Mr. Wright: Having said all that, I cannot let his comments about housing market renewal and the National Audit Office report go unchallenged. The National Audit Office report says that in pathfinder areas prices have increased faster than comparable areas that did not have housing market renewal initiatives. It has been a success but it has been difficult to quantify. That is entirely understandable, given the massive amount of regeneration that has gone into these areas over the past decade or so—with Sure Start and so on. It is entirely reasonable that that work has gone on.
I have spent the past couple of months visiting these areas. East Lancashire was mentioned earlier, and I am going there on Friday to have a look at Burnley and the Elevate scheme, just to see what needs to be done before I make a decision on the specific allocation of that £1 billion for the next three years. There has been real success in these pathfinder areas. More needs to be done because we are suffering from generations of decline, so I take issue with what was said.
The views of the hon. Member for North-East Bedfordshire (Alistair Burt) are sincere. He gave early warning that he would introduce a new clause dealing with the annual reporting of the agency. I told him at the time that I did not think it was necessary. I feel quite strongly that the reporting requirements in the Bill are perfectly adequate. I draw the Committee’s attention to paragraph 11 to schedule 1, which says:
“(1) For each financial year, the HCA must—
(a) prepare an annual report on how it has exercised its functions during the year, and
(b) send a copy of the report to the Secretary of State within such period as the Secretary of State may direct.

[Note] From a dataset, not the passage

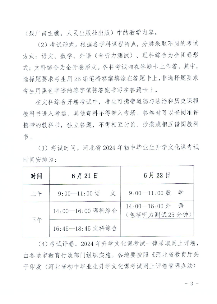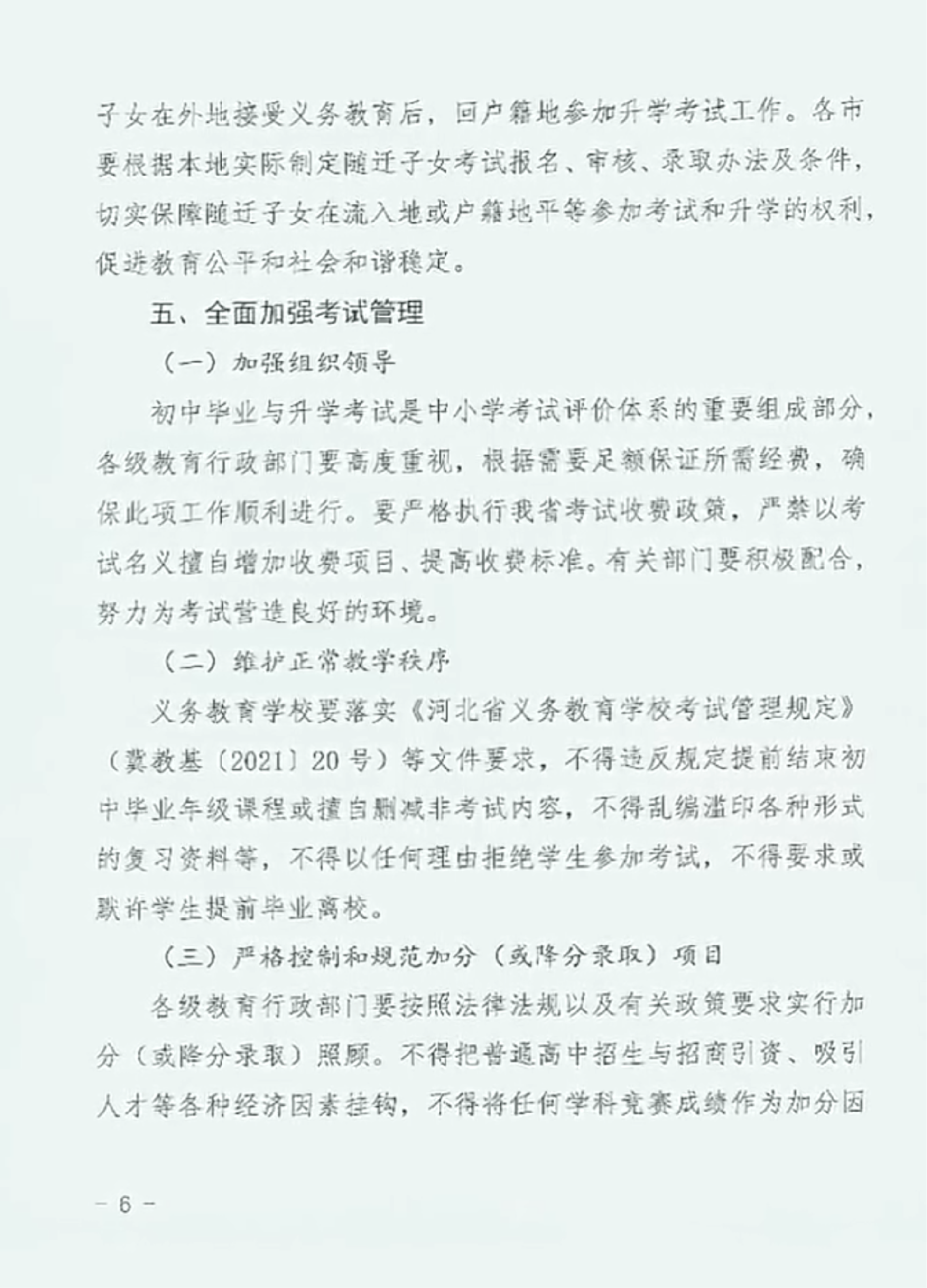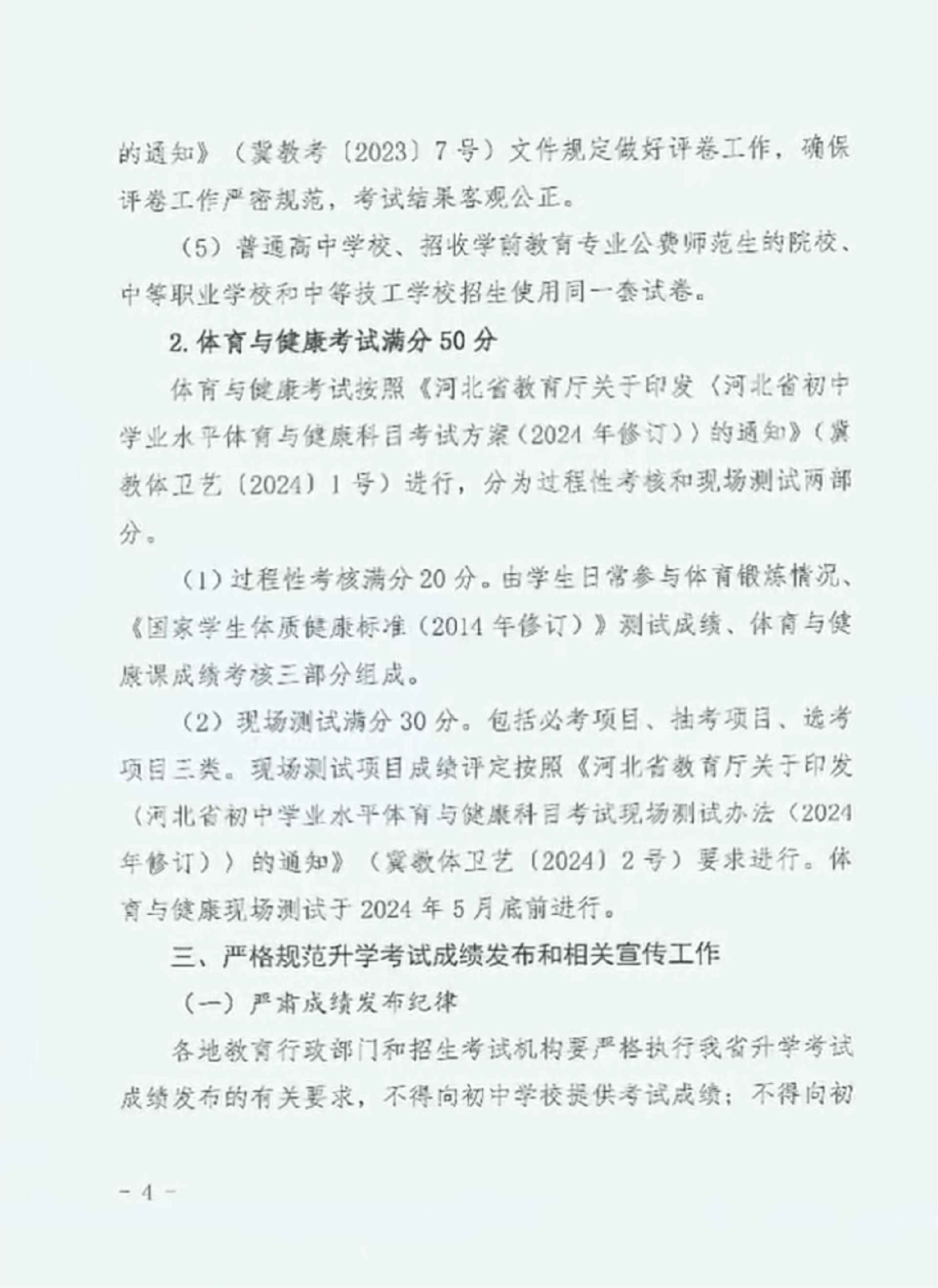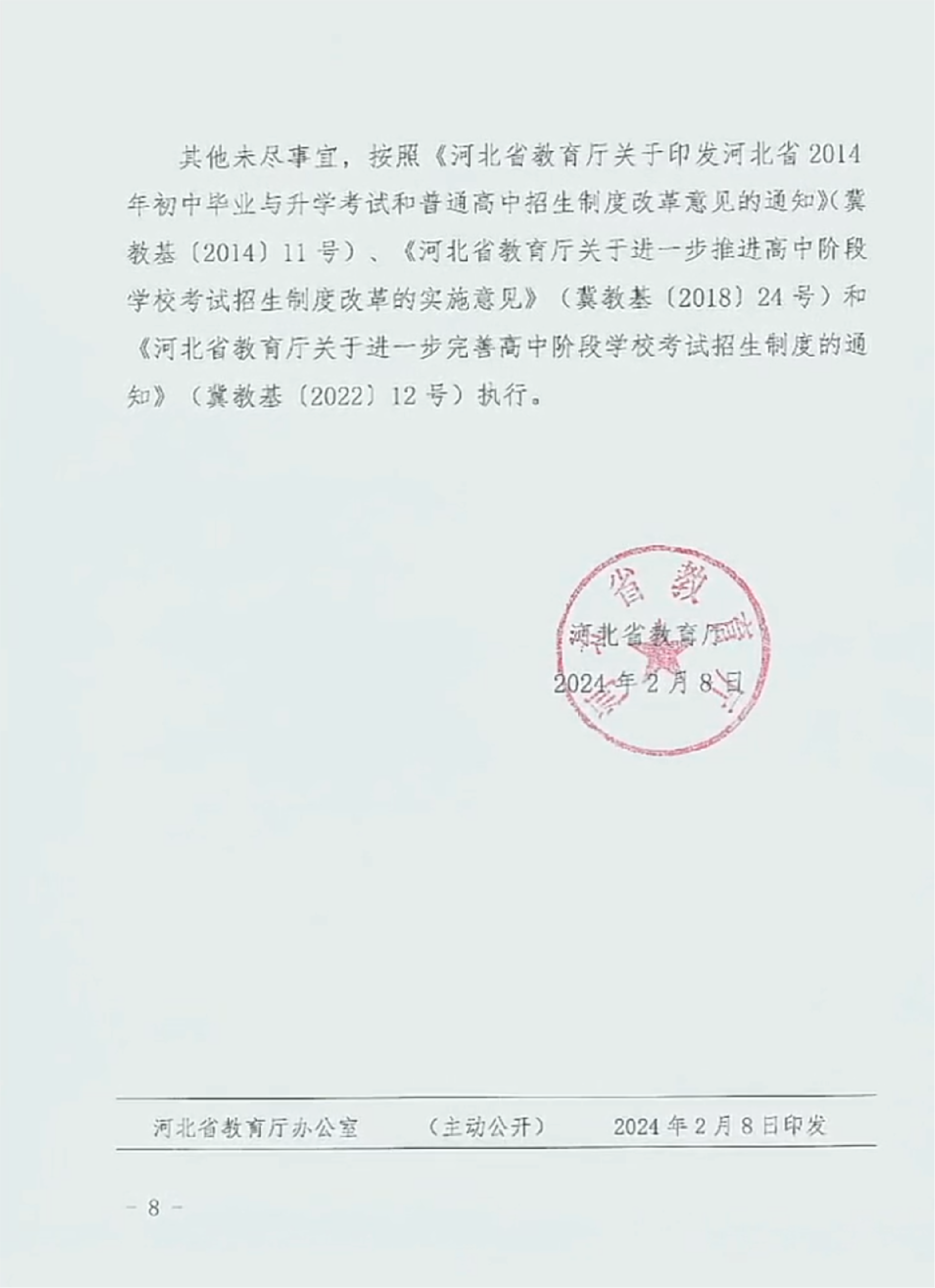 近日,河北省教育厅发布《关于做好2024年初中毕业与升学考试工作的通知》。

(2) The Secretary of State must lay before Parliament a copy of each report received under sub-paragraph (1).”
There is a real requirement to provide an annual report on how the agency has exercised its functions and to prepare a detailed statement of accounts in respect of that financial year. The Secretary of State must lay both before Parliament and if, for whatever reason, the Secretary of State considers it appropriate, she can require the Homes and Communities Agency to provide any other information she requests about the exercise and its functions.

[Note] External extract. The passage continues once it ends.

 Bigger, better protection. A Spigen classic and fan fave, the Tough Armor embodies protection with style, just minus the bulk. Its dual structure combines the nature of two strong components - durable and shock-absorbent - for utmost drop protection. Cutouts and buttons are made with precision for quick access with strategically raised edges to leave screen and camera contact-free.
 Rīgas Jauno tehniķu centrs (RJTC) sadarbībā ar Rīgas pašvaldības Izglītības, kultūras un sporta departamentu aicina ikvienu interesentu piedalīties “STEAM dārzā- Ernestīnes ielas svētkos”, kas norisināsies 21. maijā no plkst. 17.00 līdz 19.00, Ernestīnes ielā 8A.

A short time ago we agreed that clause 49, entitled “Directions by the Secretary of State”, would stand part of the Bill. Again, the Secretary of State can direct what information is required. The new clause sets out a number of specific areas that the report must cover. However, I reiterate that it is quite unnecessary because the strong expectation is that the agency will cover each and every one of those areas in its report without the need to spell them out in the Bill. It is that dreaded principle again. Indeed, specifying particular areas—as the debate we have had about the list principle shows—risks the omission of others.
The provision is deliberately unspecific in order to allow maximum flexibility and to enable the agency to respond to changing circumstances, such as those that have been mentioned—housing market renewal and the Thames Gateway. The detail of what we would expect reports to cover would be set out in the tasking framework for the agency. As I have said before, the tasking framework is an administrative tool that will set out many of Ministers’ expectations regarding the way in which the Homes and Communities Agency will conduct itself.

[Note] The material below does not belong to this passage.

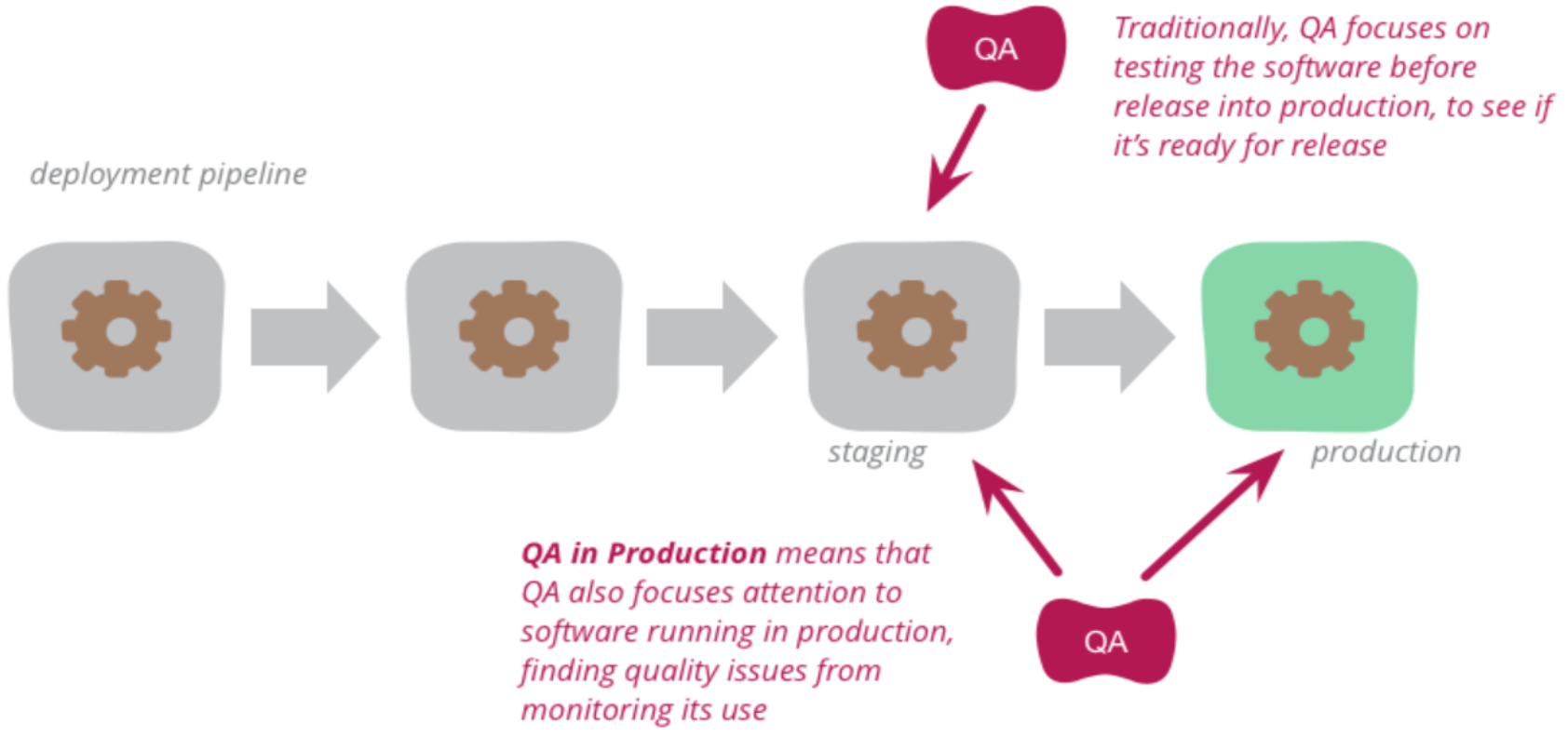 Kaavio on jo hieman vanha, alunperin vuodelta 2003 joten se ei tunne vielä käsitettä tuotannossa testaaminen.

Although I understand the view of the hon. Member for North-East Bedfordshire and accept that he is sincere, I strongly urge the Committee to agree that the new clause is not necessary and I ask that it be withdrawn.
Alistair Burt: In view of the reassurances that the hon. Gentleman has given about his intentions for the agency report—that it will cover the matters that we have raised—and the generosity of his remarks and because my mood is very high owing to the very kind reference to my wife made by the chairman and the fact that Bury dispatched Norwich 2-1 in the cup the other night and because I have got a nice apple sitting here, the ley lines coming through the Committee at the moment mean that I shall model this withdrawal on previous withdrawals. I beg to ask leave to withdraw the motion.
Motion and clause, by leave, withdrawn.